Reproduce exactly, and only, the lines of the material below running from the line bearing "包头南海湿地是南迁候鸟作为休" through the line bearing "1.@maccabitennis – a". Leave any pictures out.

+ + + + +

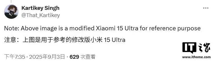 IT之家 9 月 4 日消息,消息人士 Kartikey Singh 昨天在 X 平台透露了小米 16 Ultra 手机的最新消息。
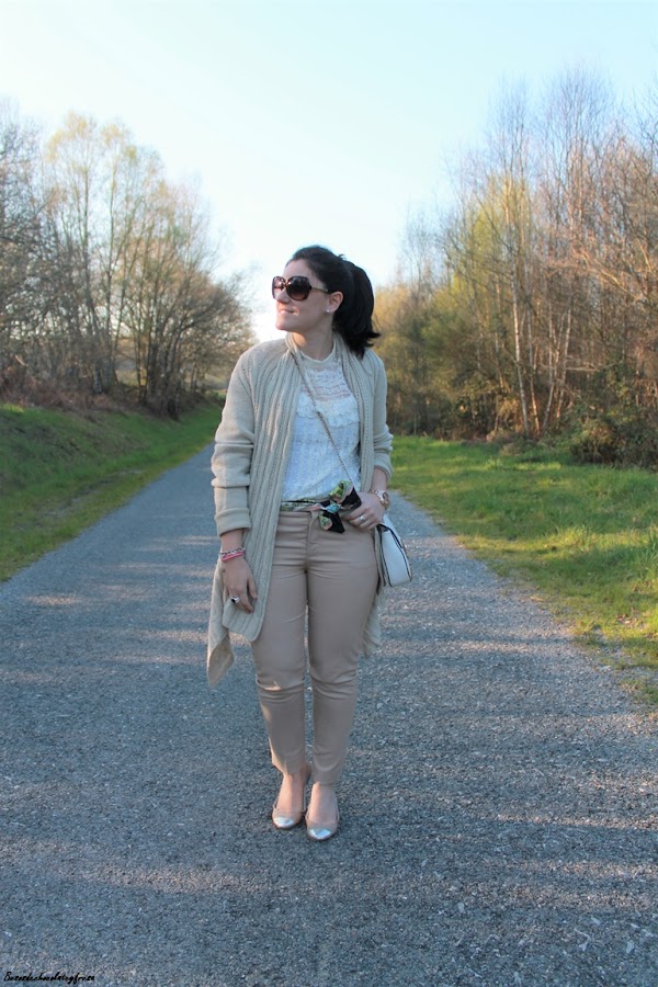 Completo el look con blusa de encaje en blanco roto, sandalias con puntera plateada (una adquisición de hace un montón de tiempo de Zara Kids y que me han salido muy bien y siguen como nuevas tras el paso del tiempo) y cardigan asimétrica
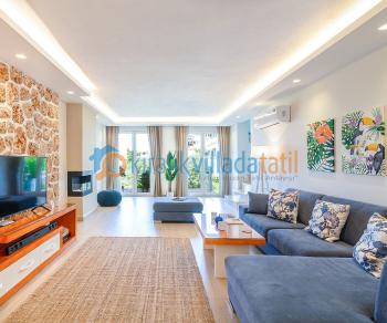 Villamız özenle dekore edilmiştir ve teras alanından Kalkan manzarasına sahiptir. Salondaki yerden tavana kadar olan camları evin içerisinin ışıkla dolmasını sağlar.
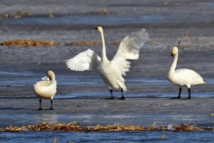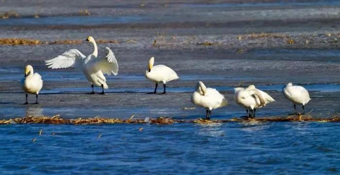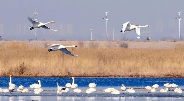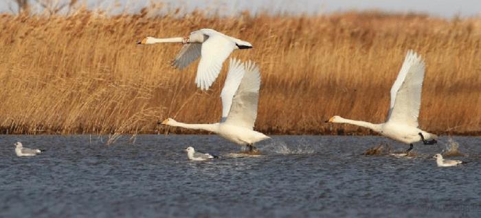 包头南海湿地是南迁候鸟作为休息和补充营养的中转站和栖息地,每年由此南迁的鸟类主要有大天鹅、小天鹅,此外还有白尾海雕、赤麻鸭、遗鸥,黑鹳等。
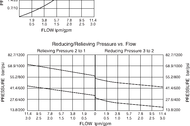 3212.8/402.1/304.8/703.4/504.1/601.4/200.7/107.82.05.71.59.52.53.81.01.90.511.43.0FLOW lpm/gpmPRESSURE bar/psiPressure Drop vs. Flow; 3 to 232 cSt/150 sus oil at 40°CReducing/Relieving Pressure vs. FlowPRESSURE bar/psiPRESSURE bar/psi41.4/60013.8/20027.6/40055.2/80068.9/100082.7/120041.4/60013.8/20027.6/40055.2/80068.9/100082.7/1200FLOW lpm/gpm9.52.511.43.07.82.05.71.53.81.01.90.51.90.53.81.05.71.57.82.09.52.511.43.0Reducing Pressure 3 to 2Relieving Pressure 2 to 1
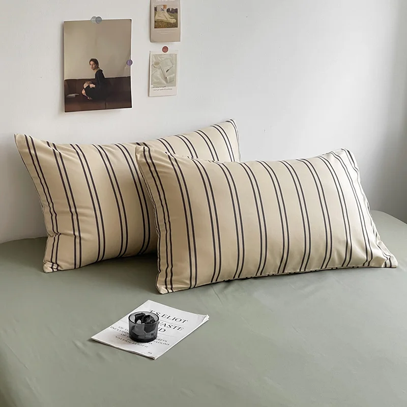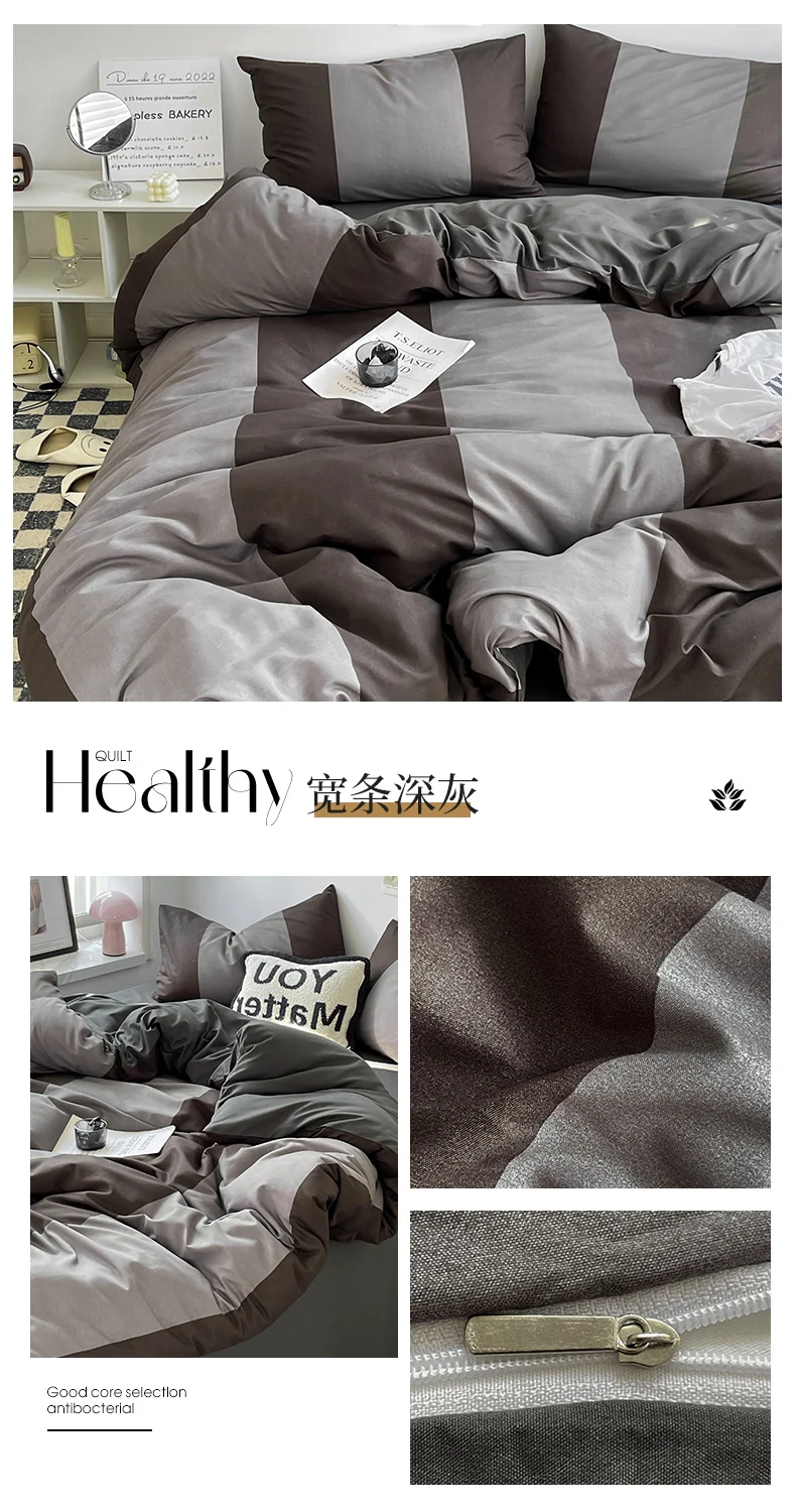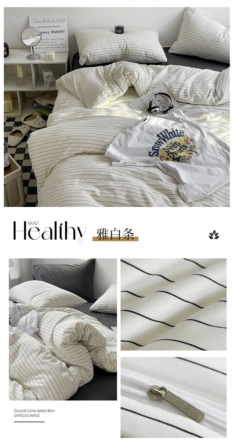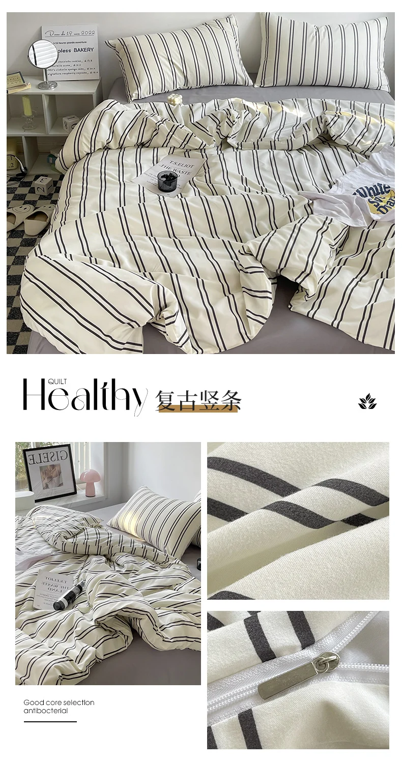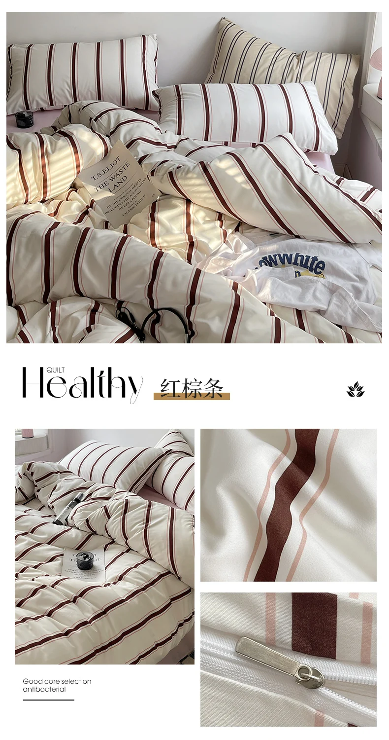 Conjunto de edredom listrado com fronha, lençol de cama individual, tamanho integral, conjunto de capa de edredom, queen/king, cama de solteiro de casal
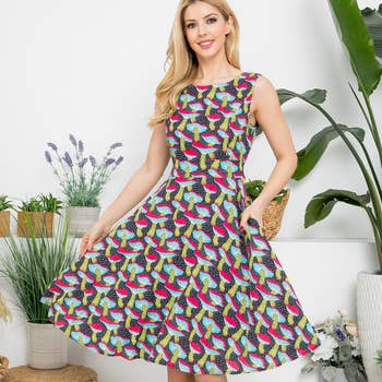 Wholesale Women's Retro Floral Rockabilly Vintage Dress, Black
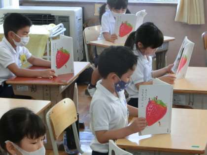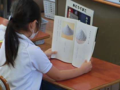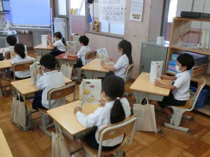 先生の後について、教科書の文章(説明文)を読みました。みんな、教科書をしっかり持って、とても良い姿勢になっています。
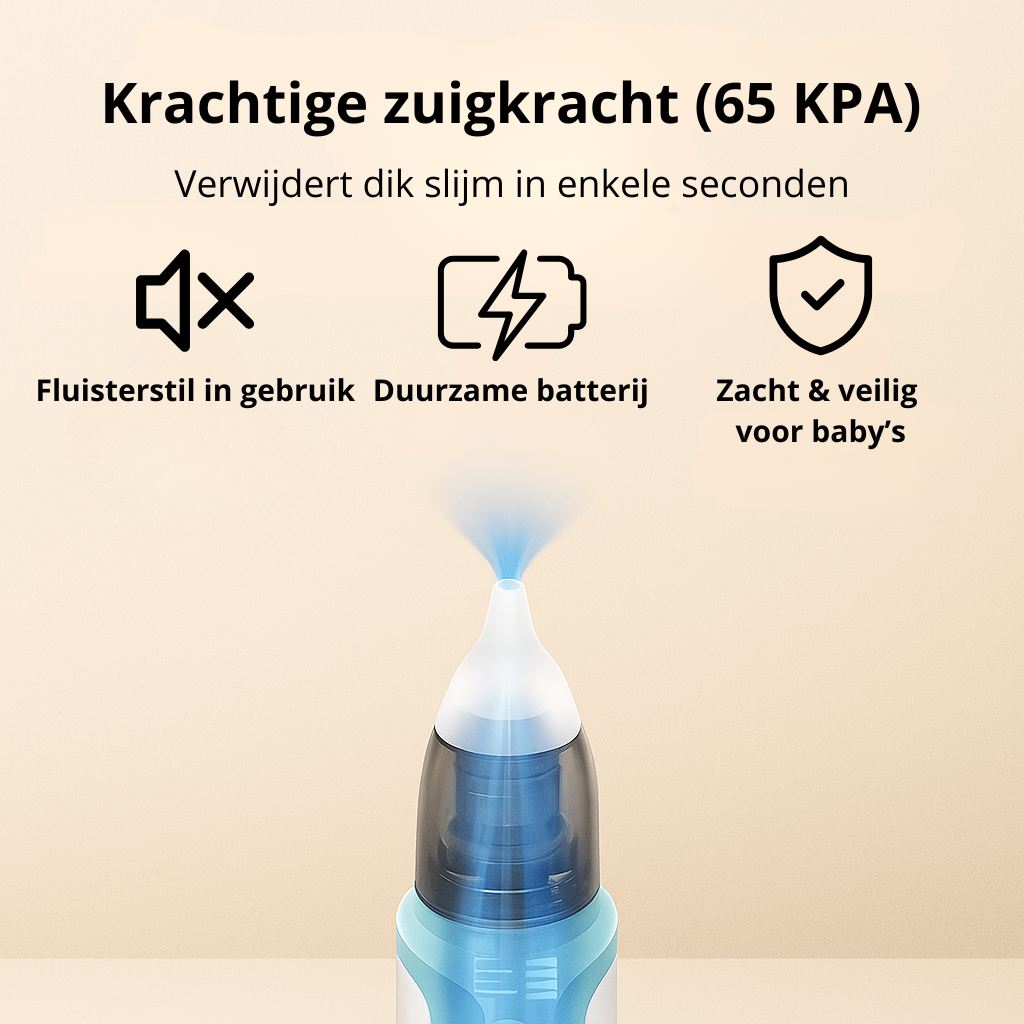 ✔️ Krachtige zuigkracht (65 KPA) – verwijdert zelfs dik slijm moeiteloos
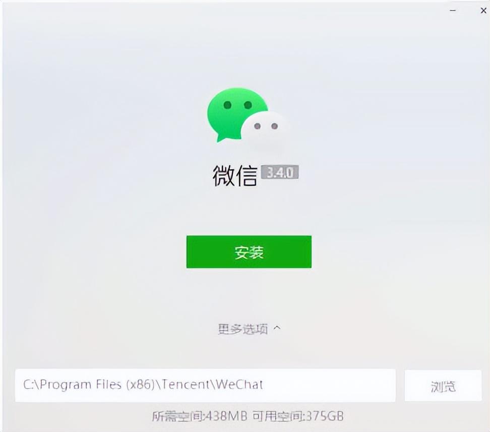 步骤二:数据加载完成后,就会跳转微信电脑版安装向导界面,点击“更多选项”,浏览更改安装路径文件夹。
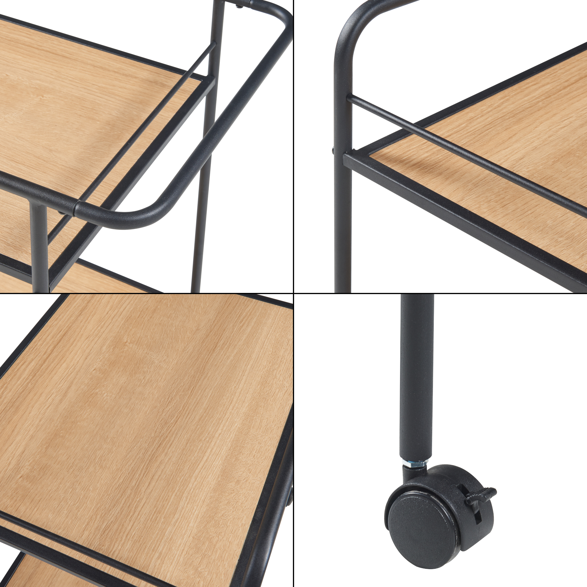 Descriere Servierwagen Hole Schwarz/Eiche-Optik [en.casa]
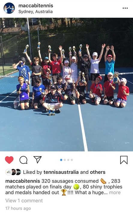 1.@maccabitennis – a NSW tennis club who share a lot of content from their own club, as well as great images of tennis champions who are doing amazing things around the world. All of their details are in their bio which makes it nice and easy for people to find/contact them if they need!
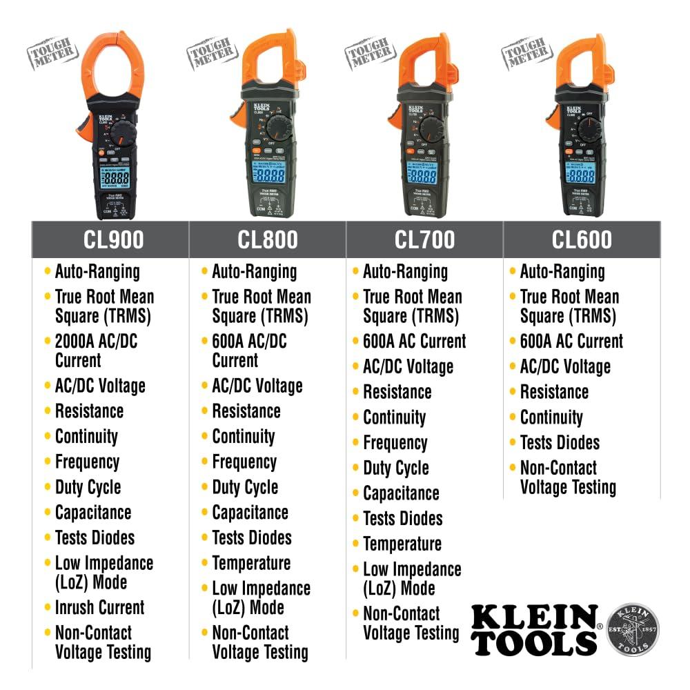 The CL220 measures AC current and NCVT via clamp and AC/DC voltage, resistance, and continuity via test-leads, and temperature with thermocouple. The meter features automatically ranging True Root Mean Squared (TRMS) measurement technology for accuracy. Additionally, a backlit LCD makes viewing in low light easy. For more than 160 years, Klein Tools has manufactured premium-quality, professional-grade hand tools that deliver the performance, durability and precision needed to get the job done right. Our family of engineers, workers and craftsman continue to put six generations of expertise into every tool we create by using only the highest quality materials, superior workmanship, and keeping manufacturing as close to home as we can. Klein isn't just the name of our company, it's also our family name. And since we're an American company that's family-owned and family-run, you know you can count on us to be here tomorrow. Klein Tools doesn't just make great products, we make great products that stand up to the demands of the professionals who use them every day … Since 1857.

+ + + + +

ANSWER TO THE PROBLEM:
 包头南海湿地是南迁候鸟作为休息和补充营养的中转站和栖息地,每年由此南迁的鸟类主要有大天鹅、小天鹅,此外还有白尾海雕、赤麻鸭、遗鸥,黑鹳等。
 3212.8/402.1/304.8/703.4/504.1/601.4/200.7/107.82.05.71.59.52.53.81.01.90.511.43.0FLOW lpm/gpmPRESSURE bar/psiPressure Drop vs. Flow; 3 to 232 cSt/150 sus oil at 40°CReducing/Relieving Pressure vs. FlowPRESSURE bar/psiPRESSURE bar/psi41.4/60013.8/20027.6/40055.2/80068.9/100082.7/120041.4/60013.8/20027.6/40055.2/80068.9/100082.7/1200FLOW lpm/gpm9.52.511.43.07.82.05.71.53.81.01.90.51.90.53.81.05.71.57.82.09.52.511.43.0Reducing Pressure 3 to 2Relieving Pressure 2 to 1
 Conjunto de edredom listrado com fronha, lençol de cama individual, tamanho integral, conjunto de capa de edredom, queen/king, cama de solteiro de casal
 Wholesale Women's Retro Floral Rockabilly Vintage Dress, Black
 先生の後について、教科書の文章(説明文)を読みました。みんな、教科書をしっかり持って、とても良い姿勢になっています。
 ✔️ Krachtige zuigkracht (65 KPA) – verwijdert zelfs dik slijm moeiteloos
 步骤二:数据加载完成后,就会跳转微信电脑版安装向导界面,点击“更多选项”,浏览更改安装路径文件夹。
 Descriere Servierwagen Hole Schwarz/Eiche-Optik [en.casa]
 1.@maccabitennis – a NSW tennis club who share a lot of content from their own club, as well as great images of tennis champions who are doing amazing things around the world. All of their details are in their bio which makes it nice and easy for people to find/contact them if they need!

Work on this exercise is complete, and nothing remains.